Rome: Italian Prime Minister Mario Monti’s frustrations with the bond market are surfacing as spending cuts destroy growth without the reward of cheaper borrowing costs.
Italian gross-domestic product contracted an annual 2.5 per cent in the second quarter as Monti sought to appease lenders by trimming the budget and increasing taxes. Even though Monti will bring the deficit within European Union limits this year, Italy still pays 453 basis points more than Germany to borrow for 10 years, within 50 basis points of the gap when Monti took office on November 16.
Monti, with eight months left to serve, is campaigning to prevent a bailout on his watch. In June, the former university president joined forces with Spanish Prime Minister Mariano Rajoy, also resisting a rescue, to ease requirements on countries that request aid.
“The longer Rajoy holds out the more you’re going to see bleeding in Italy,” said Mujtaba Rahman, an analyst at Eurasia Group in London. “And that’s why I think you’ll see more pressure from Monti” and others, he said.
Monti was forced this week to assure German lawmakers he still believed in democracy and apologise to his predecessor, Silvio Berlusconi. As Italian politicians hit the campaign trail ahead of next year’s election, it’s harder for Monti to win support for measures that would boost investor confidence. Abroad, he has been foiled by German resistance to collective action and investor speculation that the fate of Italy, the third-biggest economy in the 17-nation euro area, is tied to that of smaller Spain.
Exit Goldman
Goldman Sachs Group Inc., the fifth-biggest US bank by assets, cut its holdings of Italian sovereign debt by 92 percent to $191 million (Dh701.52 million) in the second quarter, after boosting them in the first three months of the year, according to the bank’s quarterly regulatory filing published yesterday. Goldman also increased its credit-derivative positions on Italy in the quarter, pushing its total market exposure to Italian government and non-government securities to negative $977 million (Dh3.59 billion) from positive $2.4 billion in March.
The Italian cabinet held “lengthy” discussions on a possible request for bailout funds to buy its bonds, Education Minister Francesco Profumo said in an interview with Bloomberg News yesterday. He later issued a press release saying “there wasn’t a long discussion.”
Bolder action
Monti outraged German politicians with an August 5 interview in Der Spiegel magazine where he said European leaders need to show more independence from legislatures. Bolder action to fight surging borrowing costs is needed, he said, such as backing his call for the euro region’s permanent rescue fund to secure a bank license, boosting its fire power.

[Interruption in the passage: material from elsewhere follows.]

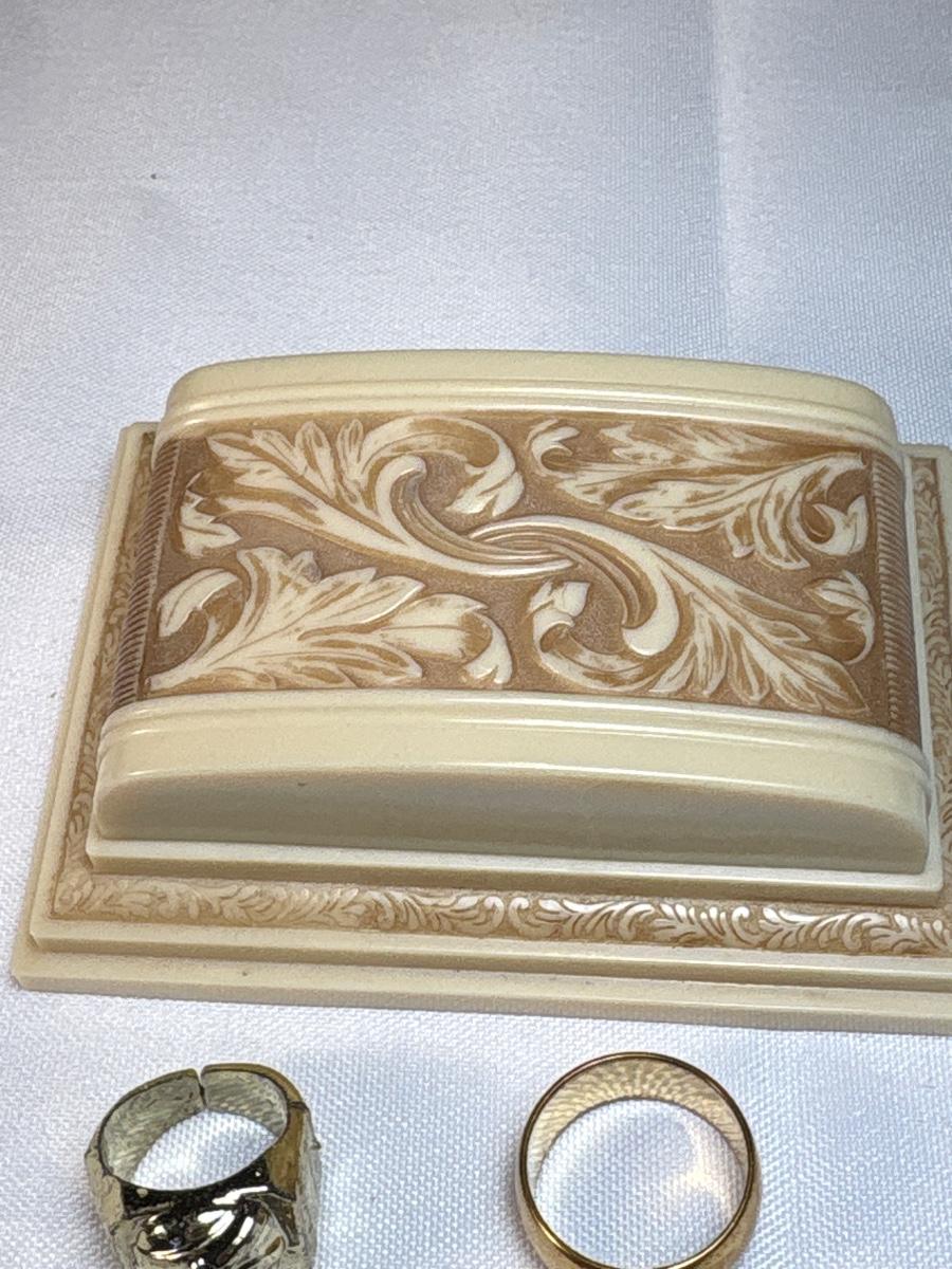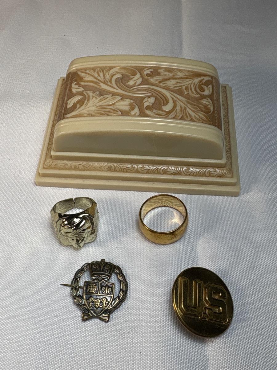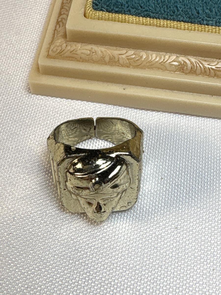 See pics. Gold ring with figure is plastic.

A day after releasing a statement saying he still believed in democracy, the Wall Street Journal released a month-old interview where Monti said that Italy’s yield premium to Germany would be 1,200 basis points if Berlusconi, who sustains his non-political government, were still in power. Prior to Monti’s apology, a senior member of Berlusconi’s People of Liberty Party threatened to topple the government.
Italy’s 10-year yield of 5.92 per cent means the spread to bunds is about 180 basis points more than the average of last year even after Monti overhauled the pension system, revamped labor laws and imposed austerity on Italians. The government is on track for a budget gap of about 2 per cent of gross domestic product this year and will have a primary surplus measured by its deficit minus financing costs, that will help reduce Europe’s second-biggest debt burden from next year. Italy owes more than $1.98 trillion, more than twice Spain’s debts of $886 billion.
Fiscal consequences
“Monti came up with a comprehensive and credible plan on the fiscal side,” said Fabio Fois, an economist at Barclays Capital in London. “Bottom line, when you do fiscal austerity growth is going to suffer. There’s no escaping that.”
The premier had to sacrifice growth to get the country’s books in order with the economy shrinking for a fourth consecutive quarter in the three months through June and unemployment reaching a 13-year high of 10.8 per cent. Popular support for Monti and the parties that back him has slumped, with anti-euro forces on the rise.
“We are not euro-carpets on our knees in front of the German border,” Angelino Alfano, secretary general of Berlusconi’s People of Liberty party, said on “Uno Mattina” on Italian state-owned television station RAI, according to newswire Ansa. “When they say ‘Europe asks for it,’ it’s only a way of saying that France and Germany are asking for it for their own specific interests.”